Teaching would pay for Tony’s lessons and his first professional coach, Marianne Nicole, John’s wife. For nine years, while Tony taught and prepared for competition, he stayed at the diner for the tips, which grew as he entertained his customers, dancing his way to tables with plates lined up his arms.

In the meantime Tony began competing, first in American Smooth. Then he switched to Latin-themed American Rhythm when he partnered with Elena Grinenko. They won their world titles —a rarity for American dancers—in 2005 and 2006. “It was my proudest moment,” says Tony, who received the call to join the Dancing with the Stars cast shortly after the first title. “I felt like I was finally giving something back to this country.”

Tony’s fellow Dancing with the Stars professional Maksim “Maks” Chmerkovskiy says his best friend’s success has everything to do with his experience fleeing an oppressive regime. “When you come over here the way he did, dodging bullets, you take nothing for granted,” says Maks, who emigrated from Ukraine. “And Tony is an athlete. To get to the top of your game, in any professional sport, you don’t go out there thinking, ‘Oh I hope I come in second.’ You want to win.”

Tony reluctantly left Stamford four years ago as his TV career took off.
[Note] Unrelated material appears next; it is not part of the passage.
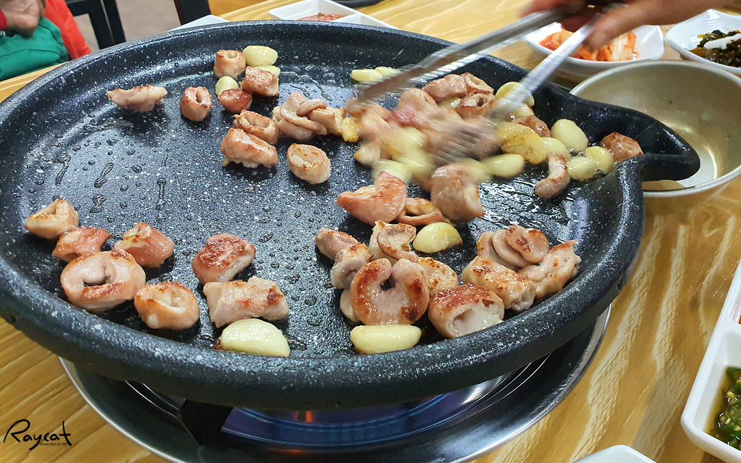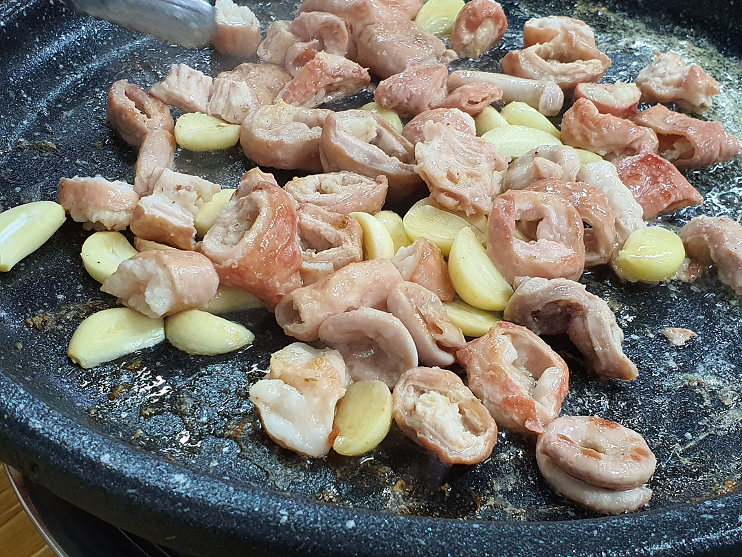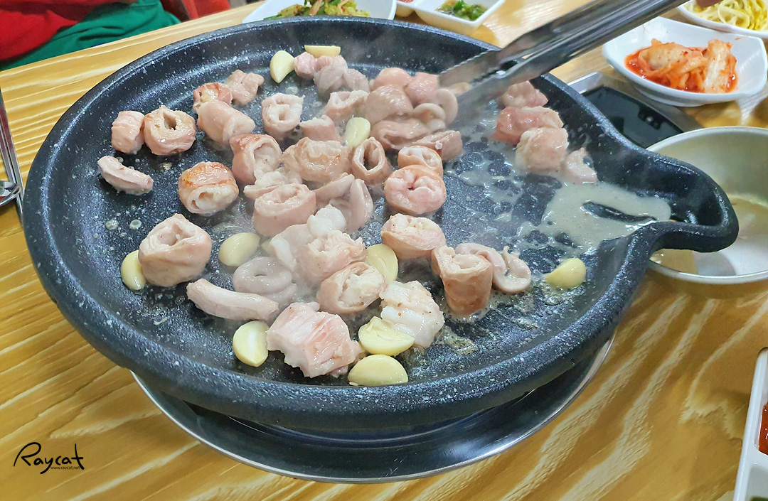 돼지곱창은 잡내도 없고 주인아주머니가 직접 구워줘서 노릇노릇 구워지면 그냥 먹기만 하면 됩니다. 직접 안 구워도 되니 편하더라고요.

Since the job and his other commitments require so much travel, he wanted his growing family closer to his siblings who now live near Stamford. “I think it kind of amuses the neighbors that one night I’m on T42V, and the next day they see me pulling in the driveway.”

Feeling at Home
“When I left Kosovo, Stamford really became my home and I miss it,” says Tony. “I like the vibe and the energy. I have my old students. My coaches. A lot of people who are important to me.”

High on that list is Charlotte Johnston, a teacher at Turn of River Middle School. Tony calls his former ballroom student “my second mother.” She is honorary grandmother, or “TuTu,” to his children, and she often drives him back and forth to the airport. They became close after Tony coaxed her into taking a dance lesson with him at Stamford’s former Terrace Club, where they both went to dance social ballroom on weekend nights. They ended up touring the United States together as a winning Pro/Am team. “Charlotte taught me English, while I taught her to dance,” Tony says.
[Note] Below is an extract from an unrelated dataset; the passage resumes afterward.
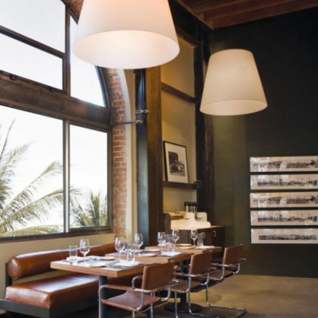 La lampada Amax Fontana Arte richiama il classico paralume con un design essenziale e lineare.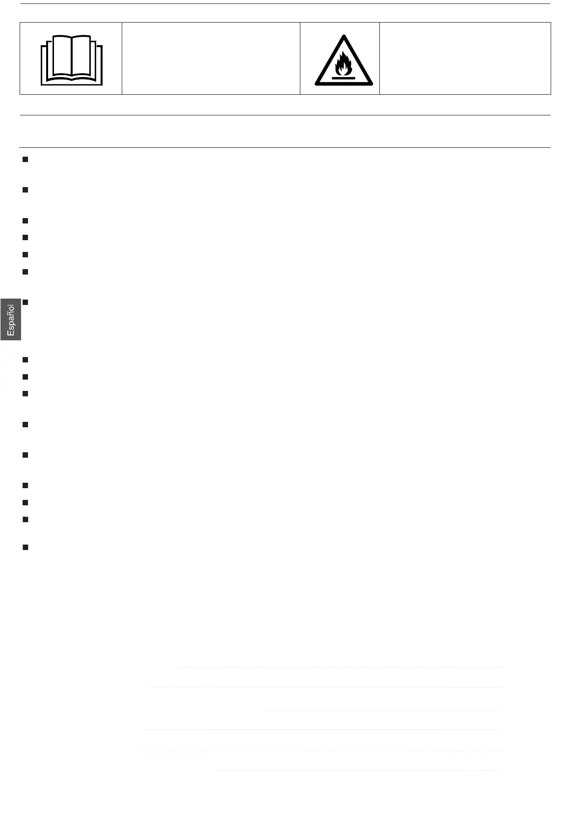 El aparato se debe almacenar en una habitación sin fuentes de ignición en operación continua (por ejemplo:

Charlotte remembers a confident instructor eager to learn the American way. “Sometimes he would be in the studio and say something and immediately know it was wrong or off somehow. He would say, ‘Charlotte, what did I say? What did I do?’ He would ask me questions and I would explain things to him.”
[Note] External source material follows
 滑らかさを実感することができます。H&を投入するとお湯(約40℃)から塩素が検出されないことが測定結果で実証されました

Nothing about Tony’s success surprises Charlotte, including his choice to stay close to Stamford. “He is comfortable with a simple, middle-class life. Happy to come home to his family. He doesn’t have a need for a lot more,” she says.

Tony’s marriage to Lina, a doe-eyed fellow Albanian he met on a blind date arranged by his sister, has been a strong foundation as his fame grew, his close friends say. For years Tony was known for his playboy ways on and off the dance floor, but he seems to have settled easily into the role of family man. “I knew the minute I saw her walking across the parking lot that she was my wife,” says Tony.

The downside to celebrity is the lack of time Tony can give to his family. When we first met, he had flown home on a red-eye flight after Dancing with the Stars rehearsals. Though exhausted and eager to see his children—Luana, Adrian Ditron and Ariana—he sat down to chat and did not complain. “I wanted this,” he says. “All of it. I did it for my family and I embrace it. I don’t have a lot of patience for celebrities who complain, who won’t sign autographs or do interviews. I don’t understand it at all. I am like, ‘Excuse me? Didn’t you want to be famous?’”

Which explains his latest act. After Tony taught Richard Gere, Jennifer Lopez and Stanley Tucci to dance for their roles in Shall We Dance?, he was cast in the film in the small but memorable part of Slick Willy. He liked the role enough to pursue more film work. Last month he began filming Pumping Up, an Angel Light Pictures production.

Yet Tony has no designs on leaving Dancing with the Stars. “I love the show, and I will come back as long as they will have me,” he says.
The guy from the diner still has that mirror-ball trophy to win.